Figure 1: Trends in overdose incidence and mortality in 16 B.C. cities, 2016–2024 (Figure generated by the author using Spyder 6)

Opioid-Related Mortality by Health Authority

Table 1 presents opioid-related mortality and supervised consumption site availability across British Columbia’s five regional health authorities. Fraser Health, with the largest at-risk population (ages 19–59), recorded the lowest death rate at 48.4 per 100,000 population at risk and operated 11 supervised consumption sites, equivalent to 0.86 sites per 100,000 at-risk individuals. Vancouver Coastal Health, with 1.31 sites per 100,000 population at risk, had the second-lowest death rate at 73.5 per 100,000. Moving away from lower mainland, mortality rates increase substantially. Interior Health and Island Health exhibited higher death rates (90.2 and 97.1 per 100,000, respectively), despite having greater site density (1.98 and 1.70 sites per 100,000 population at risk, respectively). Northern Health, with just one site across 48 municipalities and the lowest site density (0.60 per 100,000 population at risk), reported the highest mortality rate at 126.9 per 100,000.


Health Authority Municipalities Population at Risk 19-59 (2024 est.) Prevention & Consumption Sites Sites per 100,000 Population at Risk Unregulated Drug-Related Deaths (2024) Deaths per 100,000 Population at Risk
Fraser 20 1,284,254 11 0.86 622 48.4
Interior 68 453,562 9 1.98 409 90.2
Island 28 471,916 8 1.70 458 97.1
Northern 48 166,258 1 0.60 211 126.9
Vancouver Coastal 12 836,944 11 1.31 615 73.5
Table 1. Opioid-Related Mortality and Supervised Consumption Site Density by Health Authority in British Columbia 2024

Note: Population at risk is estimated as individuals aged 19–59 in each health authority, based on BC Stats (2024) projections. Death data reflect confirmed unregulated drug toxicity deaths reported by the BC Coroners Service Power BI Dashboard (accessed December 24, 2025). Site counts are from the BC Centre for Disease Control (BCCDC) as of 2024. Municipalities refer to incorporated local governments within each health authority.

City-Level Opioid-Related Mortality and the DPIE

Table 2 presents 2024 opioid-related mortality for the 16 cities in British Columbia, disaggregated by health authority to detect variation within regions. Each city is listed with its total population, population at risk (ages 19–59), number of overdose cases, and deaths. From these values, three metrics were calculated using the DPIE model: incidence (I), defined as the proportion of the at-risk population experiencing an overdose; effectiveness (E), interpreted as the probability of death given an overdose; and deaths per 100,000 population. The results reveal wide variation across cities. Langley (City) within Fraser Health Authority and Victoria within Island Health report the highest incidence rates of overdose among the population at risk (4.3% and 3.8%, respectively). Langley and Victoria also have the highest death rates in the province (217.7 and 262.5 per 100,000, respectively). The lowest incidence rate occurs in Richmond at 0.3%, which also reports one of the lowest death rates (17.9 per 100,000).

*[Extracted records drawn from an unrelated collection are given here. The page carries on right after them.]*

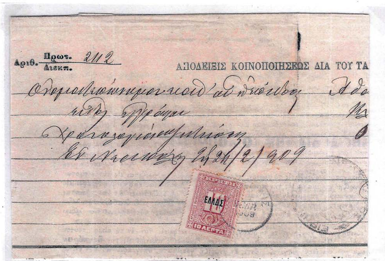
10l. for official use (1908), ΕΛΛΑΣ error (B48)

It is noted that, unlike the postmark of the post office of ΣΟΥΔΑ (Souda) which appears very often on stamps with private ΕΛΛΑΣ (1908) overprints, the ΚΟΛΥΜΠΑΡΙ (Kolymbari) postmark appears in cases of stamps with genuine overprint errors.
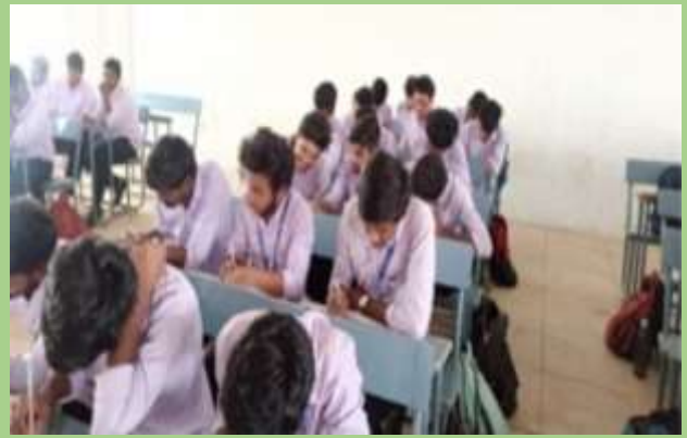
EAASY WRITING COMPITATION ON FREEDOM MOVEMENT
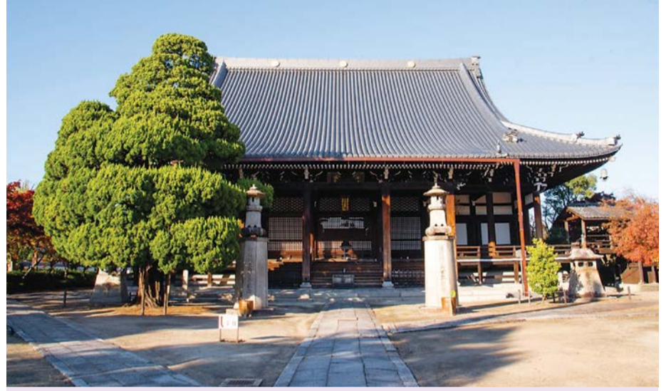
Myokenji Temple in Kyoto was established by Nichizo Shonin in 1321.
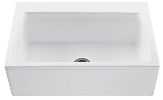
Available with plain or embossed apron at no charge. Please specify when ordering.
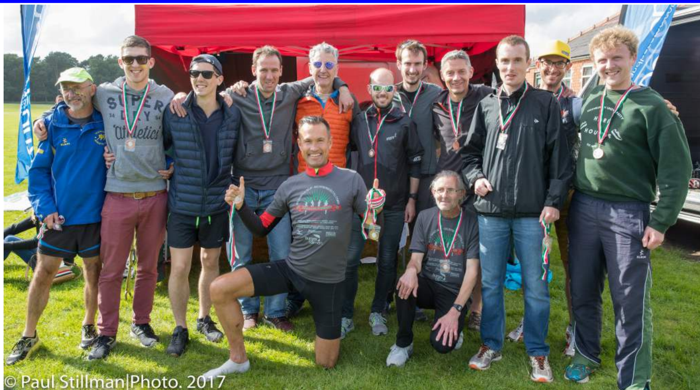
The men's team finished third in the Welsh Castles Relay after an impressive team effort.
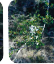
Leucopogon nitidus Hidden Beard Heath Description: Shrub to 1 m high Flowering: Jul-Aug Rank: EN, EN
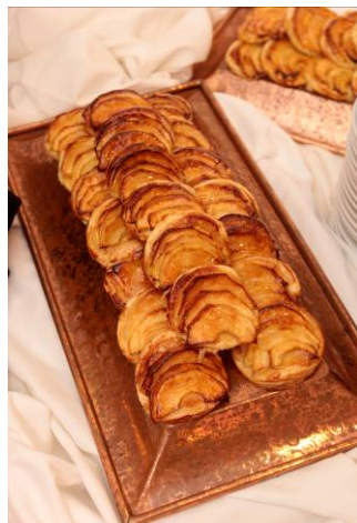
Apple Tart Tatin with Crème Anglaise and Chocolate Sauce from Sandrine’s Bistro
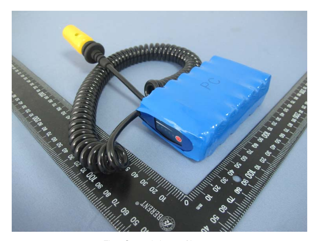
Fig.2 General view 2 of battery

In terms of intervention effectiveness, Burnaby and Kamloops have the highest probability of death per overdose case (7.7% and 7.5%, respectively), while the most favourable intervention effectiveness is observed in Chilliwack (3.5%).


City Health Authority Population Population at Risk Overdose Deaths Incidence Intervention Deaths
Abbotsford Fraser 175,087 96,453 1,501 75 0.016 0.050 77.8
Burnaby Fraser 298,986 182,959 739 57 0.004 0.077 31.2
Chilliwack Fraser 102,306 55,738 1,052 37 0.019 0.035 66.4
Coquitlam Fraser 174,248 103,659 599 26 0.006 0.043 25.1
Langley, City of Fraser 35,316 20,214 871 44 0.043 0.051 217.7
New Westminster Fraser 92,433 58,645 565 43 0.01 0.062 73.3
Surrey Fraser 700,459 412,964 3,335 230 0.008 0.069 55.7
Kelowna Interior 165,200 95,475 2,032 89 0.021 0.044 93.2
Penticton Interior 38,665 18,370 529 28 0.029 0.053 152.4
Kamloops Interior 109,633 62,070 1,226 92 0.02 0.075 148.2
Victoria Island 102,856 62,858 2,381 165 0.038 0.069 262.5
Nanaimo Island 110,707 57,841 1,525 94 0.026 0.062 162.5
Prince George Northern 84,905 49,322 1,758 109 0.036 0.062 221
North Vancouver, City of Vancouver Coastal 67,308 41,589 400 25 0.01 0.062 60.1
Richmond Vancouver Coastal 242,966 139,917 391 25 0.003 0.064 17.9
Vancouver, City of Vancouver Coastal 756,008 493,285 9,564 527 0.019 0.055 106.8
Table 2. City-Level Opioid-Related Mortality, Incidence, and Intervention Effectiveness in British Columbia (2024)

DPIE Applied to Pre- and Post-COVID-19 Periods

There has been discussion that the COVID-19 pandemic elevated the overdose crisis by increasing incidence and, in turn, deaths. This section applies the DPIE framework to assess how incidence, population at risk, and intervention effectiveness contributed to changes before and after the onset of COVID-19. During the pre-COVID-19 period (2016–2019), death rates declined in Interior (−14.7%), and Island (−4.8%), whereas Northern Health experienced a large increase (+32.9%). Vancouver Coastal saw a modest increase (+6.0%), while Fraser Health experienced little change during this period.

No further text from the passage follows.